Daniel Hickey, 77, a naval commander living in a military retirement home, agrees. He has had the chip implanted although he is of sound mind and in relatively good health in spite of having had high blood pressure for most of his life.
“As soon as [Dr. Musher] mentioned it, I said, ‘Why not?’” he says. “If you are unconscious and they wheel you into the emergency room, what do they know about you? Nothing. Even if you are conscious and in pain, you don’t want to answer a bunch of questions.”
High-profile supporters include former Wisconsin governor and U.S. Health and Human Services Secretary Tommy Thompson, now partner in the law firm of Akin Gump Strauss Hauer & Feld LLP and a member of the board of the VeriChip Corp. His primary interest, he says, is promoting new technologies he believes are badly needed in the health care field - “It’s my shtick.” He once pledged publicly to have the chip put in himself, but says now that he is waiting until “more hospitals have signed up.”
It’s that chicken-and-egg question again.
Washington Hospital Center, the area’s largest medical facility, has a scanner but has not trained anyone to use it because the chances an emergency patient will have a chip are slim, says spokeswoman Paula Faria.
“We don’t feel we are at that point yet,” she says.
Suburban Hospital in Bethesda and Shady Grove Adventist in Gaithersburg have scanners, supplied free by VeriChip, and have trained personnel to use them.

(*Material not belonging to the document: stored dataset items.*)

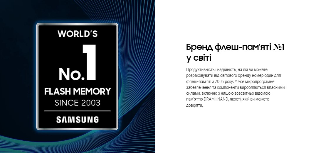 Відкрийте для себе найкращі показники роботи та надійність від кращого з 2003 року у світі бренду флеш-пам’яті. Все вбудоване програмне забезпечення та компоненти, у тому числі відомі у світі DRAM та NAND від Samsung, розробляються самою компанією. Отже, забезпечується комплексна інтеграція та якість, якій ви можете довіряти.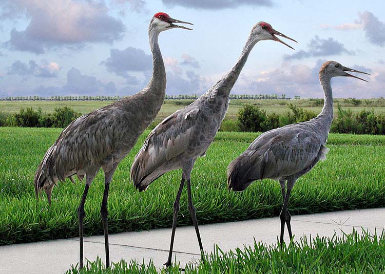 ** Sandhill cranes are indeed a very large bird, reaching a height of up to 4 feet! You can read the Wikipedia entry here: http://en.wikipedia.org/wiki/Sandhill_Crane.
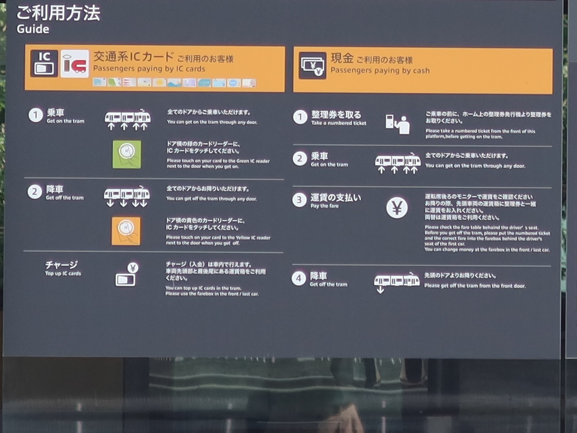宇都宮ライトレールは運賃後払い方式です。運賃は150~400円で、乗った区間によって異なります。各駅には、電車の乗り方が書いてあります。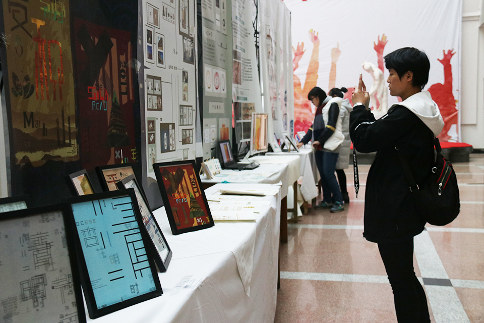 张佳璐的《思愁之路》将个人对家乡的思念与丝绸文化结合在一起作为设计灵感,大家能从作品中体味乡愁、感悟丝绸文化的魅力。由于航、孙资斌、沈战美慧共同合作创作的《影戏》系列手机主题图标更是吸引了大家的眼球。《皮影》以中国陕西皮影为主题,对皮影花纹、演出器具等一系列元素进行提取,与现代手机图标相结合,使中国的传统工艺美术成为具有中国特色和时代精神的艺术精粹走向世界。高本翔的《兵马俑也爱疯》将兵马俑结合当代时下文化奥特曼这一广受欢迎的形象做出造型,用复杂而美丽的花纹装饰面部,解决了当代人们认为兵马俑文化难接受、难欣赏的问题,带给大家全新的视觉体验,吸引了众多同学前来参观。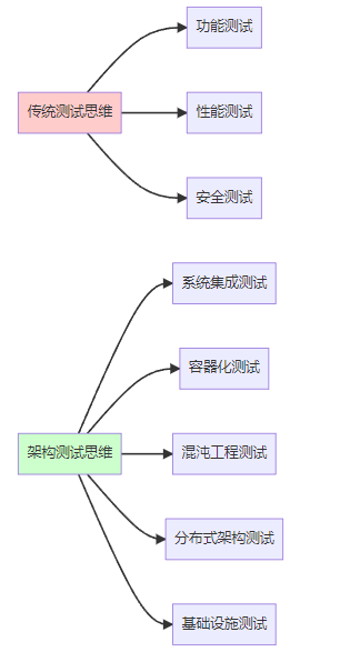 上图清晰地展示了两种测试思维的差异。传统测试更关注单点功能,而架构测试则从整体系统的角度考虑问题。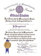 麻州参议院献上最美好的祝愿,祝不断取得成功。此褒奖状由参议院主席签署并由参议院秘书作证明和传递。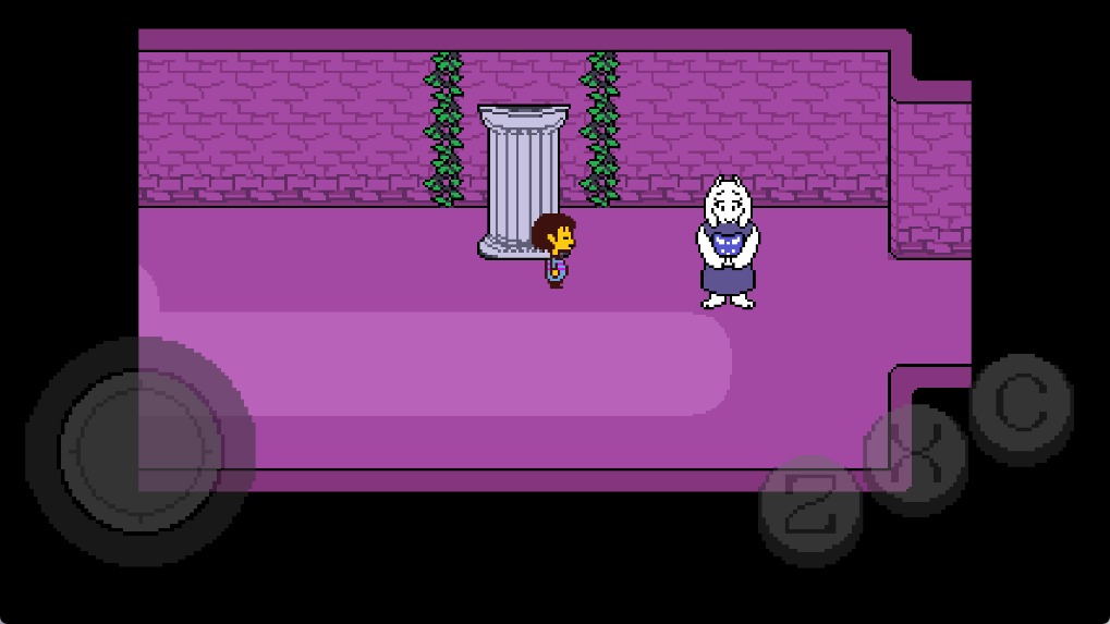 13、其实Toriel就躲在出口的柱子后,她想要测试一下你的信任程度。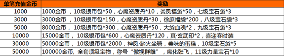活动内容:活动期间,游戏内开启单笔充值活动,玩家每单笔充值一定金额,即可获得相应的充值奖励。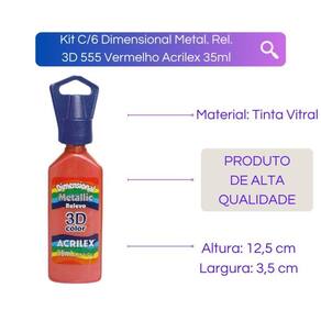 Kit com 6 Dimensional Metálica Acrilex 35ml - Escolha a Cor Cor: Vermelho 3D 555 Kit com 6 Dimensional Metálica Acrilex 35ml - Escolha a Cor Kit com 6 Dimensional Metálica é um excelente produto, tinta de excepcional versatilidade, aderência e muito fácil de usar. Pode ser aplicado diretamente com o bico ou pincel sobre tecidos de algodão não sintéticos e sem goma. Também pode ser utilizado em madeira isopor, cerâmica, vidro, cortiça, gesso e papel. Personalizando objetos que se tornam únicos e especiais. Enviaremos o seu kit em até 24 horas após a confirmação de pagamento Escolha uma das cores disponíveis no campo COR do próprio anúncio. Largura: 3,50 cm Altura: 12,50 cm Peso aproximado do Kit: 287 g Caso tenha alguma dúvida nos mande mensagem que respondemos rapidinho para te ajudar da melhor forma possível Marca: Bialluz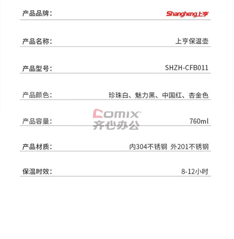 商品名称:上亨 SHZH-CFB011 保温壶-黑色 760ml 单位:个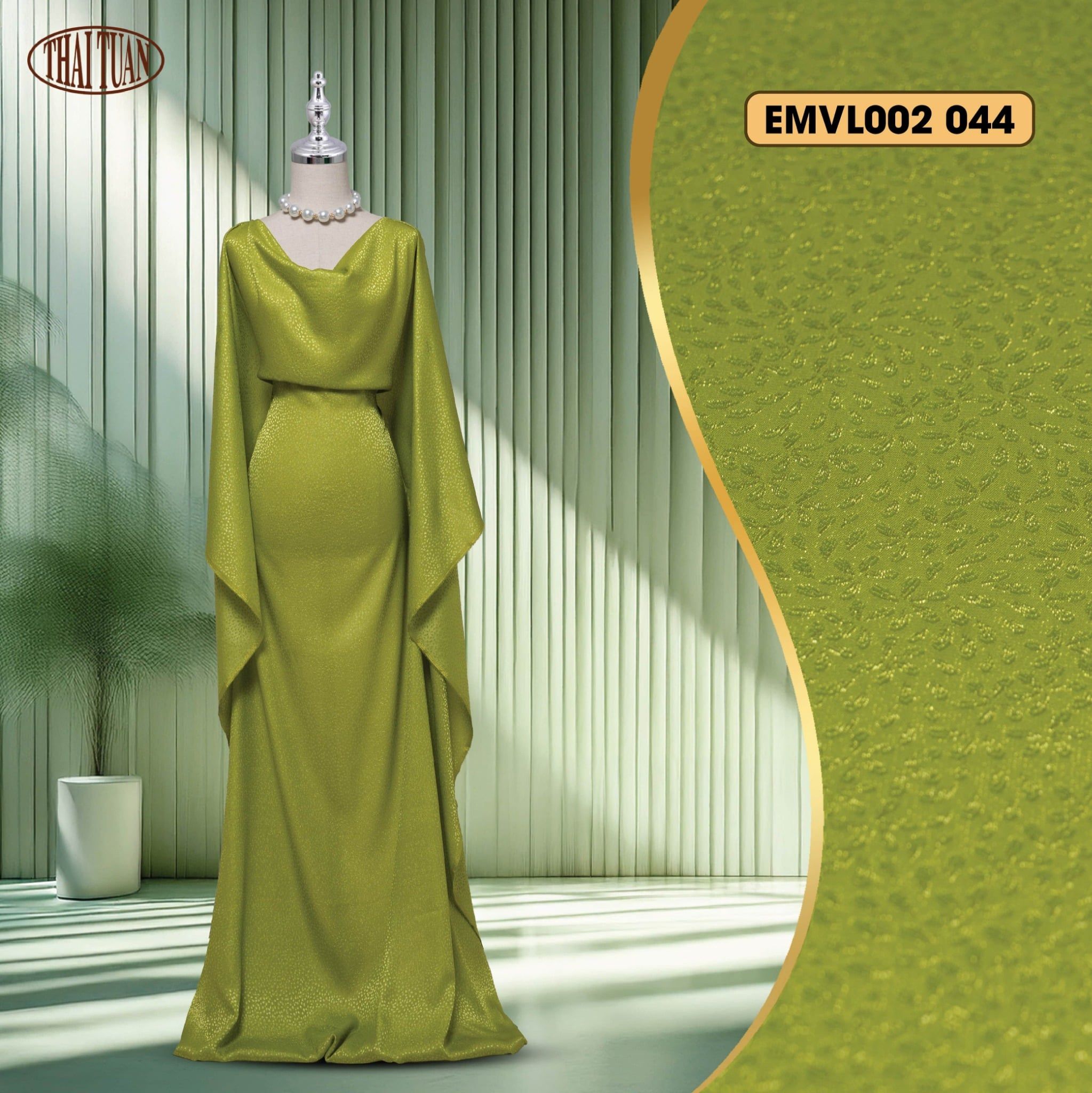 Vải Gấm Hoa Xuân Màu Xanh Úa Khổ 1m5 x 2m EMVL002044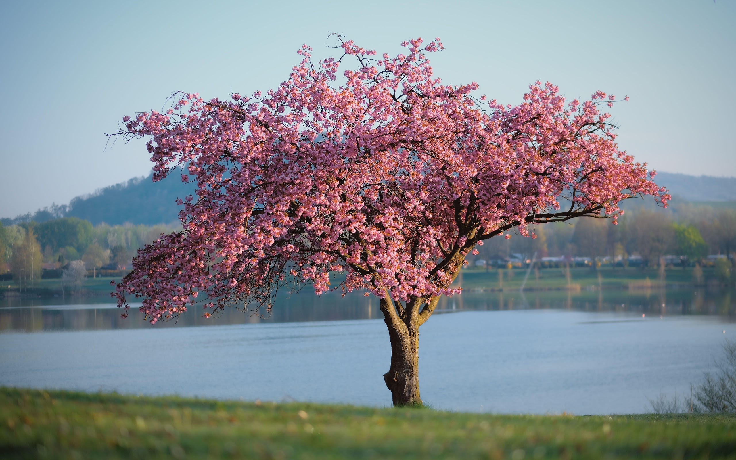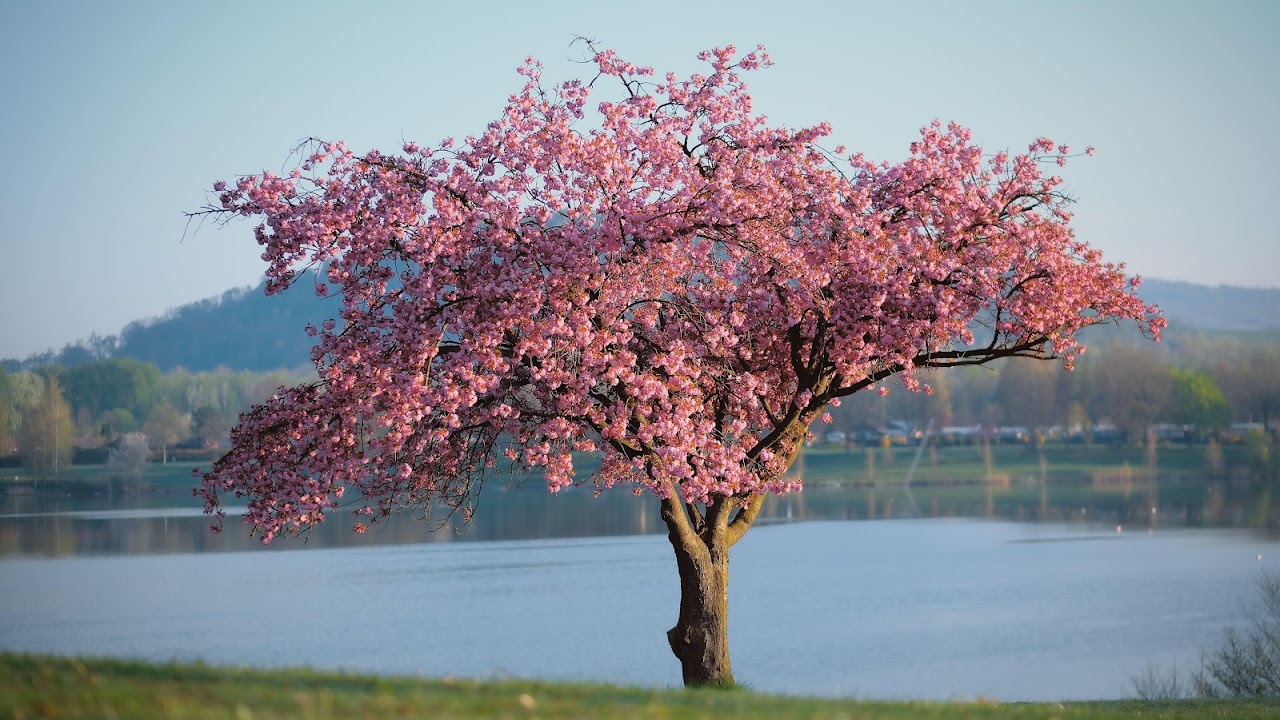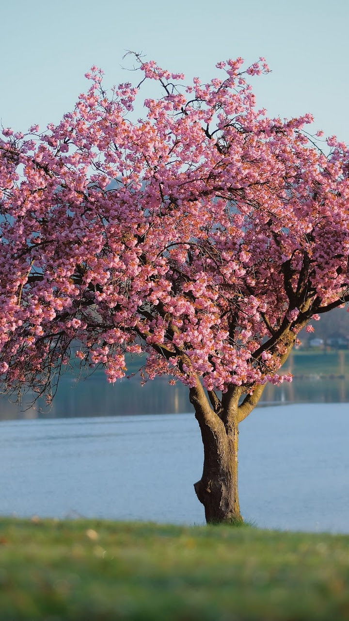 Cherry Blossom, Springtime, Lakeside, Nature Photography 5K Desktop Wallpaper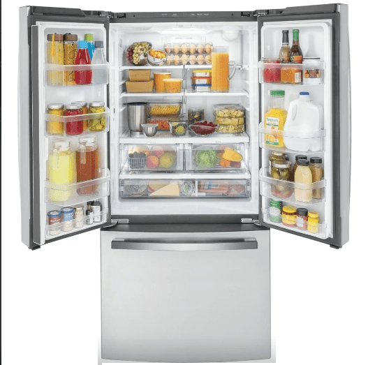 GE GDE25EYKFS Bottom Mount Refrigerator, 33" Width, ENERGY STAR Certified, 24.8 cu. ft. Capacity, Fingerprint Resistant Stainless Steel colour Glass Shelves, APF technology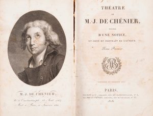 Chénier, M. J. de. - Théâtre de M. J. de Chénier, précédé d’une notice, et orné d’un portrait de l’auteur. Théâtre posthume … précédé de considérations sur la liberté du théâtre en France. - Paris : Foulon et Cie, Baudoin...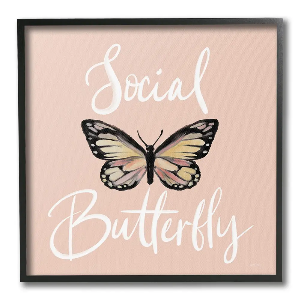 Add dimension to any room with our textured Framed Giclee Artwork. Our framed artwork is securely mounted into a 1.5-inch thick wood grain frame and ready to hang. Frames are available in three alluring styles: black, gray farmhouse and white. In addition, you should check out our oversized options if you want a statement piece. Stupell Wall Art is made in the USA.Features: Dimensions: 12 x 1.5 x 12 FramedFramed Giclee Product Sizes Include 12"x12", 17"x17", and 24"x24". Framed Giclee Products have a 1.5" Depth. Wall Art is Ready to Hang with Hardware Free Hanging. No installation required. For Easy Set Up Lean or Layer Artwork on Shelf or Against Wall.Our giclée prints are carefully mounted on a durable MDF backing, and then perfectly finished in a 1.5 inch thick woodgrain frame. Mounted frame colors include black, gray farmhouse and white. Made In USA.Artwork Relates To: Bug, Animal, Butterfly, Insect, Phrase, Social ButterflyDesign by House Fenway
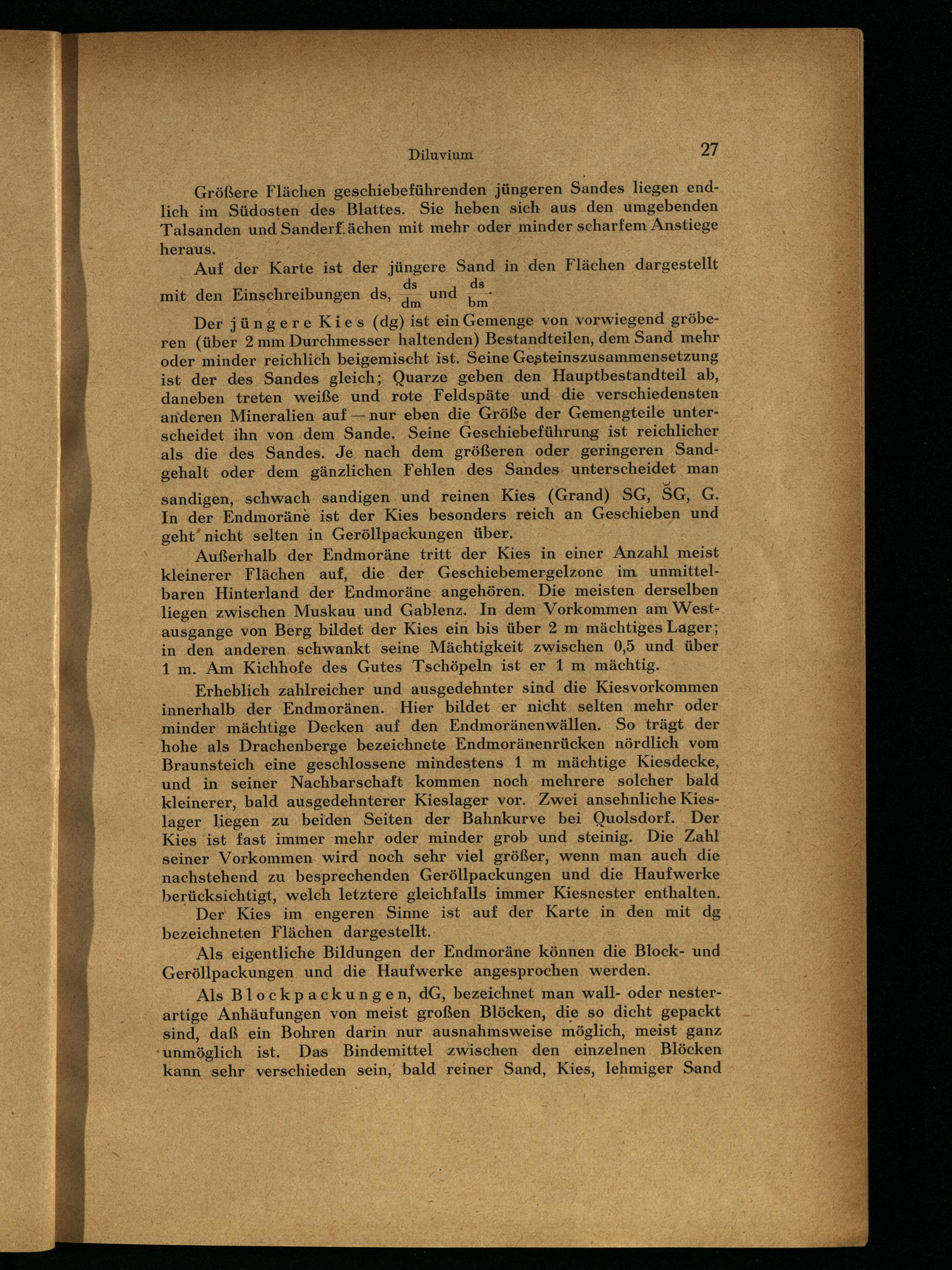 sandigen, schwach sandigen und reinen Kies (Grand) SG, SG, G. In der Endmoräne ist der Kies besonders reich an Geschieben und geht nicht selten in Geröllpackungen über.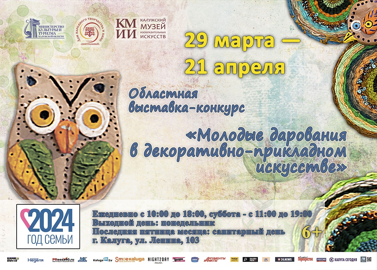 Экспозиция, сформированная из работ детей и подростков в возрасте от 7 до 16 лет, которые занимаются в кружках и студиях декоративно-прикладного искусства по всей Калужской области, начинает работу 29 марта в Информационно-образовательном и выставочном центре Калужского музея изобразительных искусств.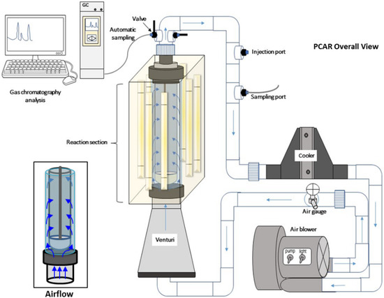 A calibration was performed in the PCAR to quantify the relative humidity (RH) of air streams. The RH is an important parameter to be considered to determine whether the water vapor in the PCAR has an effect on the photocatalytic activity. The RH data were taken with a hygrometer (Mengshen digital humidity meter) at different known water concentrations. The hygrometer operates from 0 to 100% RH and −20 to 80 °C range, respectively. Furthermore, its humidity accuracy is ±3% RH and the resolution falls into 0.01% RH or 0.01 °C.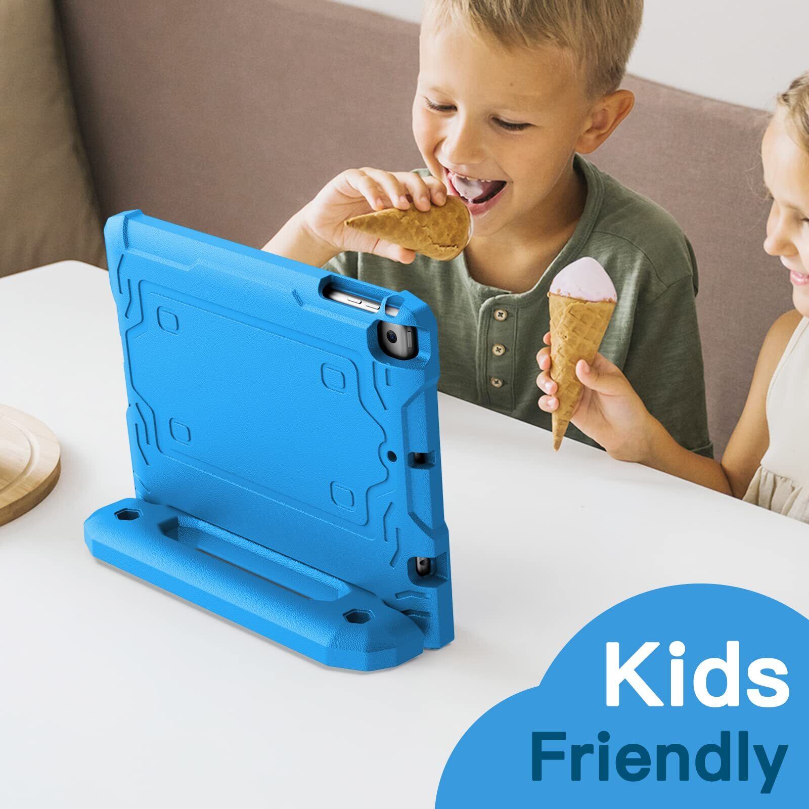 JEDirect 子供用 iPad 9.7インチ ケース (第6/5世代、2018/2017モデル) 液晶保護フィルム付き 耐衝撃 フルボディハンドルスタンド タブレット保護カバー (ブルー)
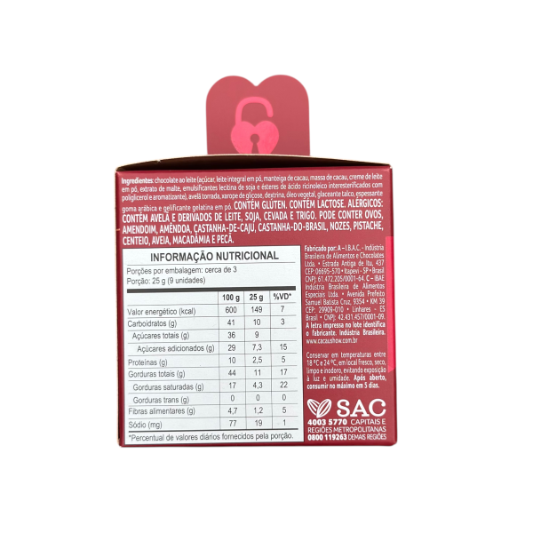- 1 mini cubo com drageados de avelã e chocolate ao leite 70gr.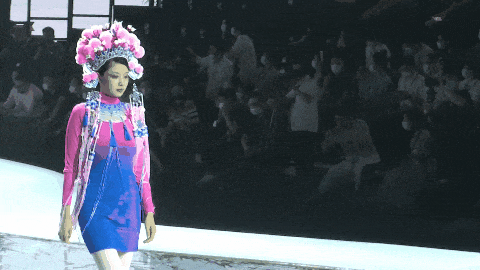 出现在外国时装秀的舞台上

“I think it is better than any method to date,” says Dr. Robert Rothstein, Suburban’s director of emergency medicine, who is an advocate without any association with the corporation. “Plenty of people are around who could benefit. You can imagine when police find somebody wandering and they sit around and wait for somebody to call.”
The chip’s main opposition is a group called CASPIAN Consumer Advocacy, for Consumers Against Supermarket Privacy Invasion and Numbering. One group leader is Katherine Albrecht, who holds a doctorate in education and is co-author of the book “Spychips: How Major Corporations and Government Plan to Track Your Every Move With RFID.”
In a telephone interview, she raises questions about the technical proficiency of the chip — “The information may not always be there when you need it, especially in the case of natural disaster and where the community is not functioning at top-notch rate” — and asks rhetorically why a medical ID bracelet won’t do as well.
New to the market is a product called the Portable Health Profile () that, for $49.95, provides a consumer with a mini-CD as well as a USB Flash Drive, both of which can store an individual’s medical information and can be accessed by computer as needed.
Dr. Musher counters by pointing up the danger that bracelets and other portable devices can be lost and that patients, especially those with a form of dementia, are liable to pull off a bracelet.